Entrepreneur helps disadvantaged children

A beneficiary of the Hajareen initiative kicks a ball in this undated photo. (Photo: Handout from Anas Ziyadneh)
AMMAN — Young business owner Anas Ziyadneh grew up in a rural area of Jordan. His passion for football has driven him to open a social organization that has provided football training to thousands of children living, like him, in rural areas.اضافة اعلان

“My story inspired the idea of the initiative as I lived in a rural area in Jordan where I was passionate about the game of football from my early years,” Ziyadneh said in an interview with Jordan News. “And I began to look for a place to channel my passion for football.”

“I turned to the street because there were no pitches in my area,” the founder recalled. “I painted myself a pitch by putting two stones on the ground as a goal post, and the neighborhood kids began to gather around me for a zealous atmosphere full of love and friendliness.”

However, his passion conflicted with the realities of his life in Jordan. “I had a deadly spherical talent compared to my peers, and because of the lack of mentors or anyone interested in talented kids in general, particularly in those rural areas, I decided to forget my dream of being a football player,” the 25-five-year-old football lover said.

“So, I went to the university to study engineering. Over the years, I remembered my childhood days and decided to complete the dream when I saw the glimmer of childhood in the eyes of the children who practiced football,” Ziyadneh said. “From here, the thought to create the Hajareen initiative and its slogan ‘From the Street to the Football Field’ came to be; to help these kids to play in safe areas like playgrounds, with proper sports equipment. We can then lead children in marginalized areas to their ambition of becoming professional football players.”
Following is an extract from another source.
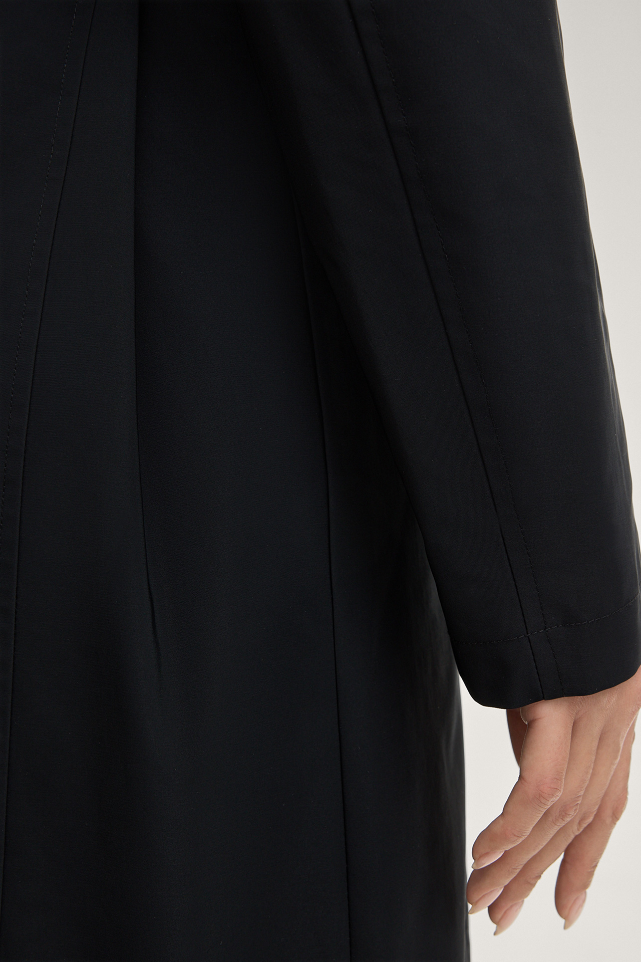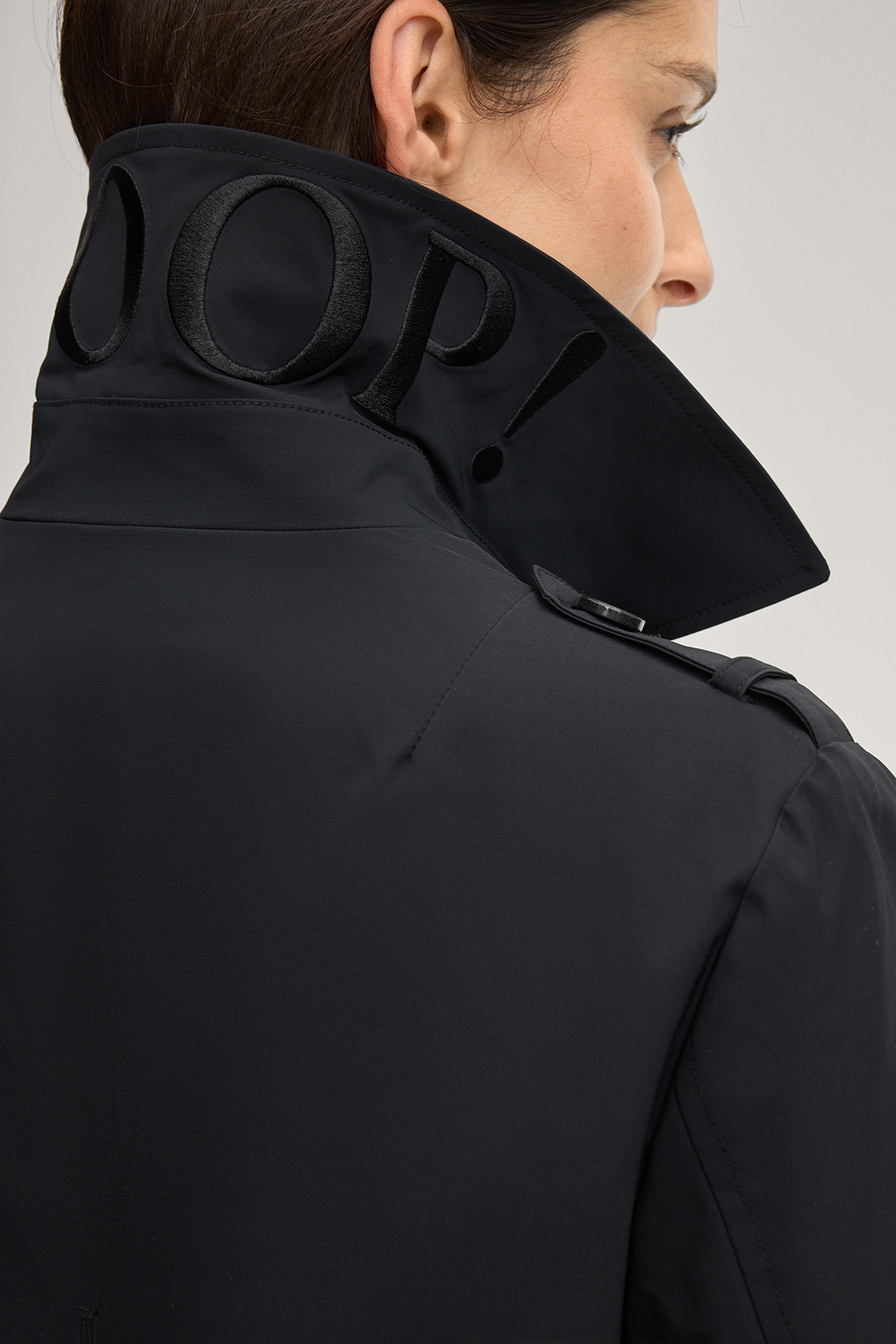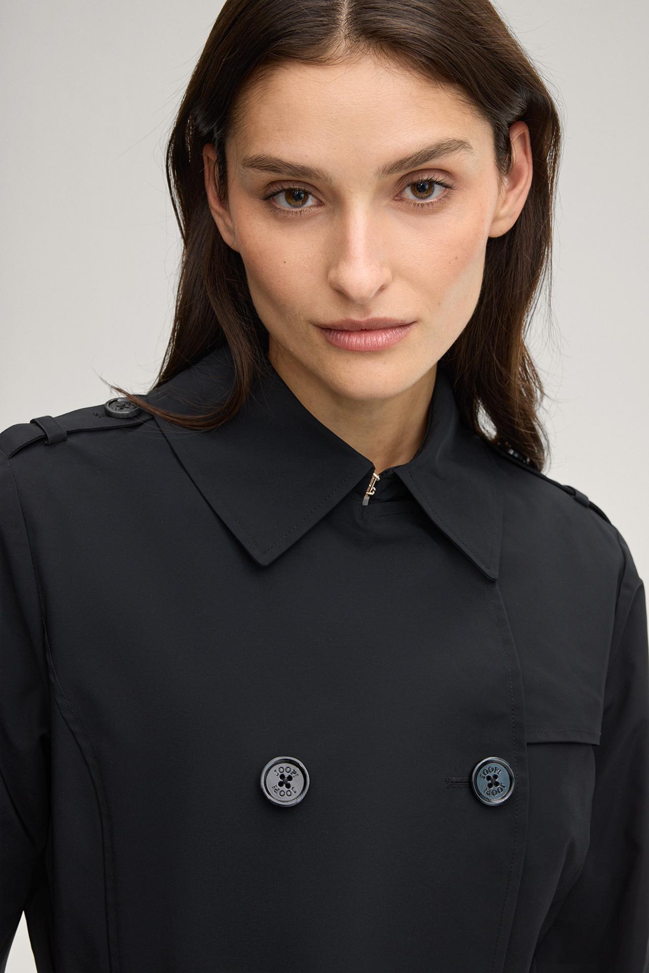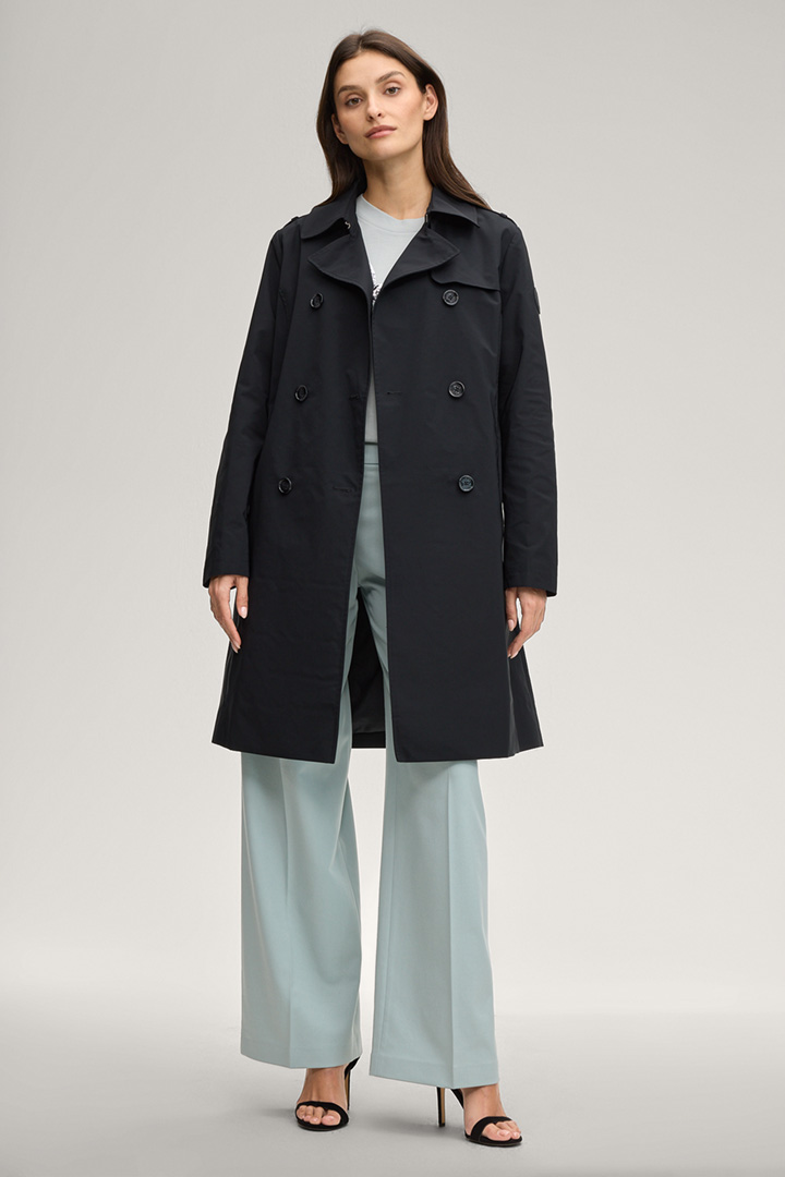 The Cindy trench coat will impress you with its classic look with turn-down collar, storm flap and buttoned tabs on the shoulders - harmoniously complemented by double-breasted buttons and a tie belt at the waist. A slit at the back and side slit pockets stylishly round off the piece.

Ziyadneh’s educational initiative provides children from underprivileged communities with free weekly football training sessions. They use specific exercises to cultivate interpersonal skills such as self-confidence, teamwork, and decision-making skills.

“The first factor that helped me in entrepreneurial work is that I am a person that is not afraid of failure and I love trying many things, and I do as much as possible to go through all the difficulties,” he said. “Also, I used to promote the Hajareen initiative on social media sites. We got 15 sources of local and Arab coverage and because Hajareen is a community initiative.”

Through Hajareen, 3,500 boys and girls were trained in different regions of Jordan have received football training and over 3,450 have participated in festivals in schoolyards and playgrounds. Fifty of them have received professional training in football.

“I am fond of the Hajareen initiative, and I postponed semesters at the university so that the initiative does not stop,” said Ziyadneh. “When we started the initiative, it was (an) ... initiative (based on) my friends’ love of the sport, we did not wait for a material income.”

The initiative did run into some obstacles. “The difficulties we faced were financial (ones) because we used to book the football fields. We wanted to transport the children,” Ziyadneh said. “In the beginning, it was difficult, but my insistence on this initiative overcame this.”

“One of the difficulties is that no one believed in the idea,” he added. “Everyone said that ‘you were wasting your future on something that has no benefit,’ but with time they came to believe in the idea.”